[Opening Source records section]

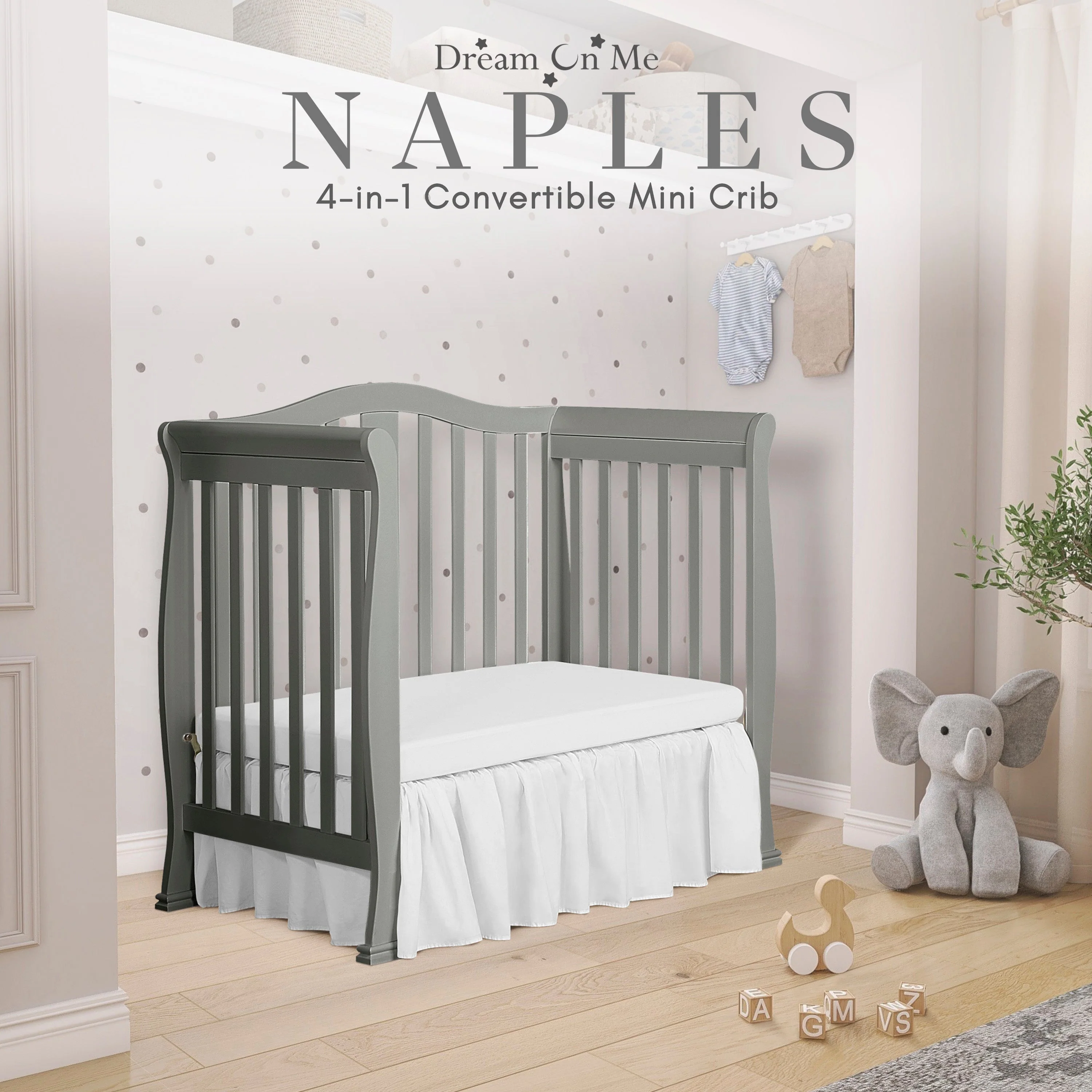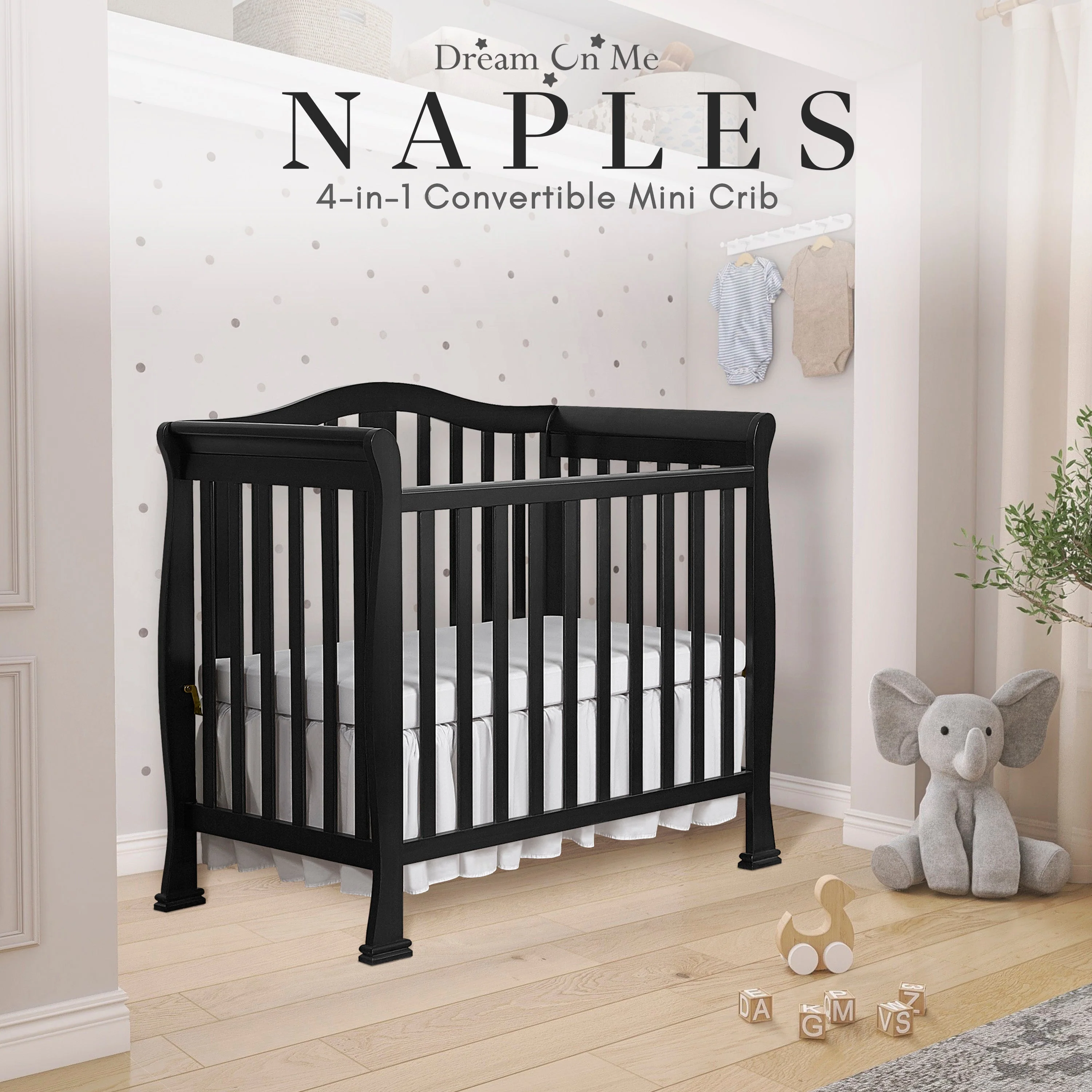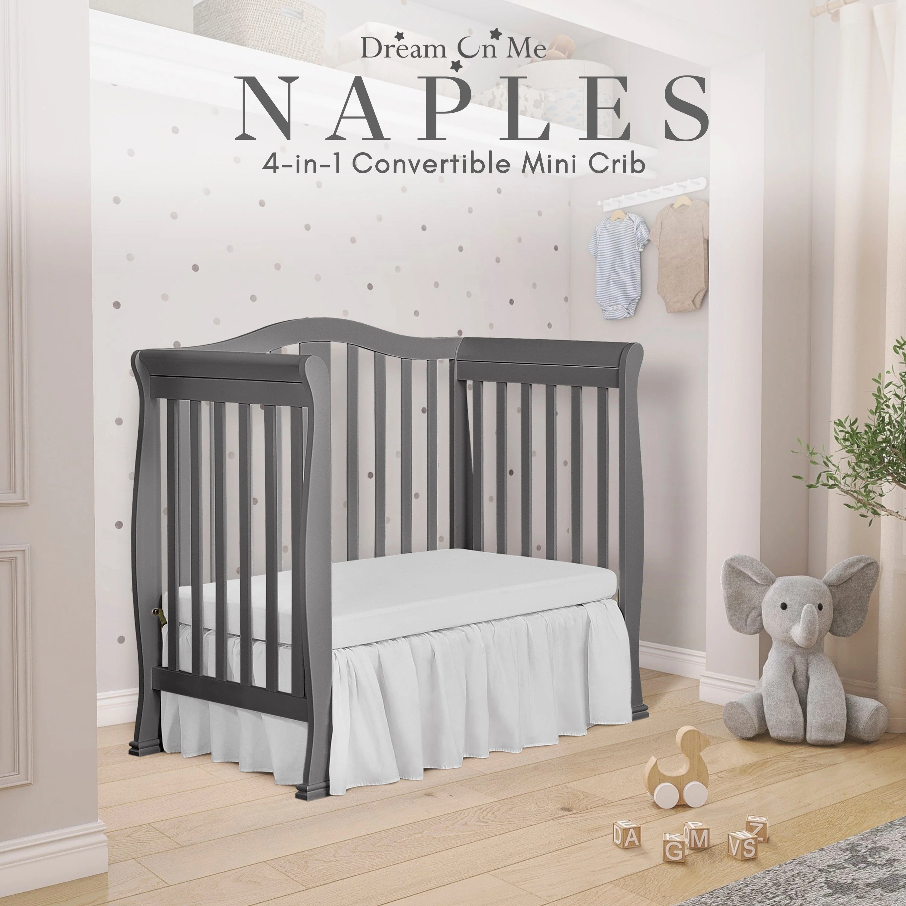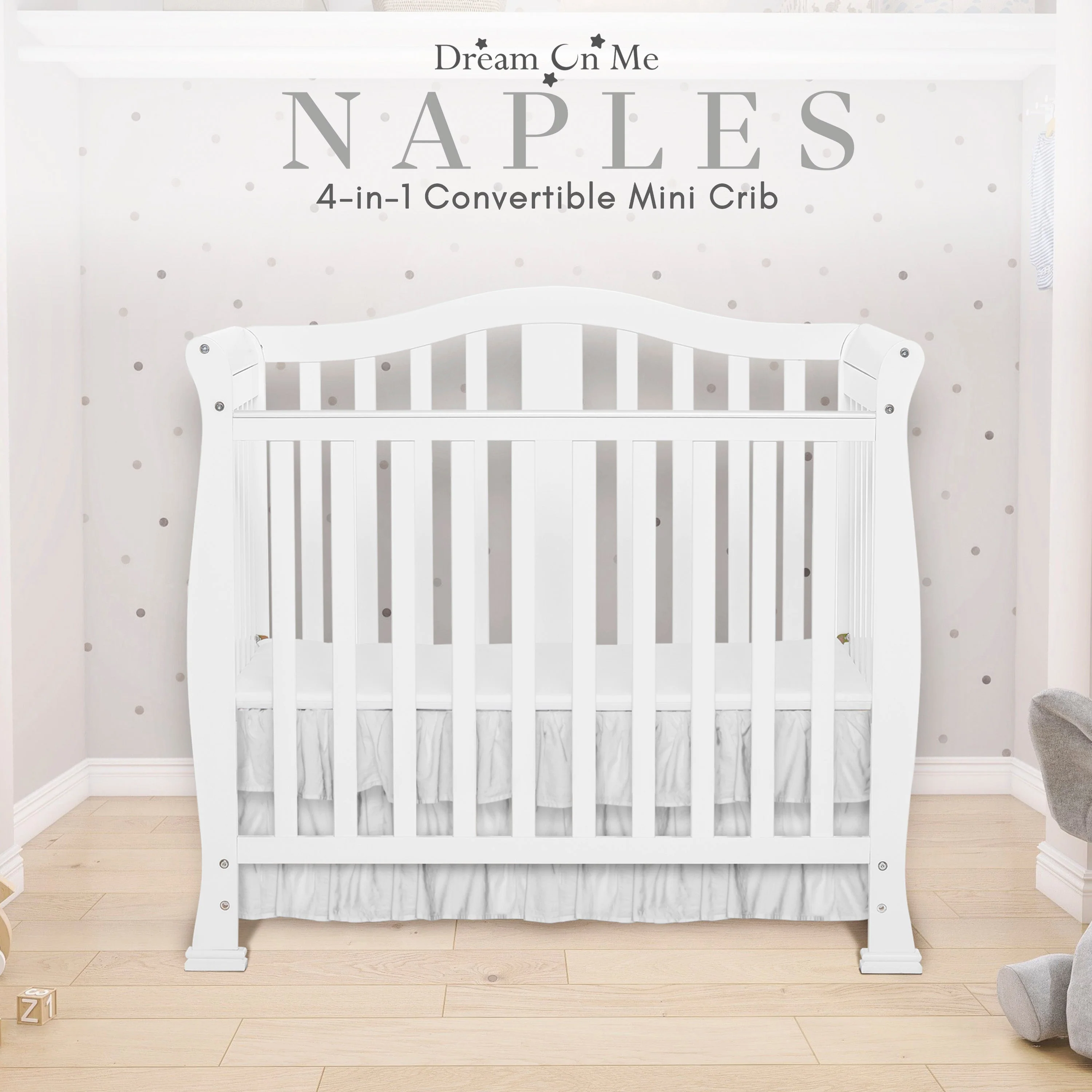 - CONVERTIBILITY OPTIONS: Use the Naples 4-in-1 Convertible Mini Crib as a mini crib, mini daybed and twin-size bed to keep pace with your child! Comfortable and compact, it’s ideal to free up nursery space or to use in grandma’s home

[Closing Source records section]
[Opening Source records section]

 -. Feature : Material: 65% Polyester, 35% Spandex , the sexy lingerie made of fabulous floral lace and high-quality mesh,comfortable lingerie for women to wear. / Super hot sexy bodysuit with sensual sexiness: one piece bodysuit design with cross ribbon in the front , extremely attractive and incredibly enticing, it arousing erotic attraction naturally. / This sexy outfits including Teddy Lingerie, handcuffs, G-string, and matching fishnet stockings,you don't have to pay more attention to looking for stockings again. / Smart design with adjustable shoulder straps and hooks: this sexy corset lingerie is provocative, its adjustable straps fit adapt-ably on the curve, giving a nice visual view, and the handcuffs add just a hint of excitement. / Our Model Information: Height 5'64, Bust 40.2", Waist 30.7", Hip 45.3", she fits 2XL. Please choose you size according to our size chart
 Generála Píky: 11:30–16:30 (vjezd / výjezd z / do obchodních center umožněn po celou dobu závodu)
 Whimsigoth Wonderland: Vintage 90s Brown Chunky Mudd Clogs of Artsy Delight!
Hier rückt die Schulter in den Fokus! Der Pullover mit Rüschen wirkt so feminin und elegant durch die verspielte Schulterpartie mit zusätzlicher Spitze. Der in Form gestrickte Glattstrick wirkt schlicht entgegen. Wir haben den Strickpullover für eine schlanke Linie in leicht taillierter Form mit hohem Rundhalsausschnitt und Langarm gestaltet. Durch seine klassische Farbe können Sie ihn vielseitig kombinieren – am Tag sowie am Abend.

[Closing Source records section]

Reproduce the entries above exactly, but only the lines between the line holding "Generála Píky: 11:30–16:30" and the line holding "Whimsigoth Wonderland: Vintage", inclusive.

* **Problem solution**:
 Generála Píky: 11:30–16:30 (vjezd / výjezd z / do obchodních center umožněn po celou dobu závodu)
 Whimsigoth Wonderland: Vintage 90s Brown Chunky Mudd Clogs of Artsy Delight!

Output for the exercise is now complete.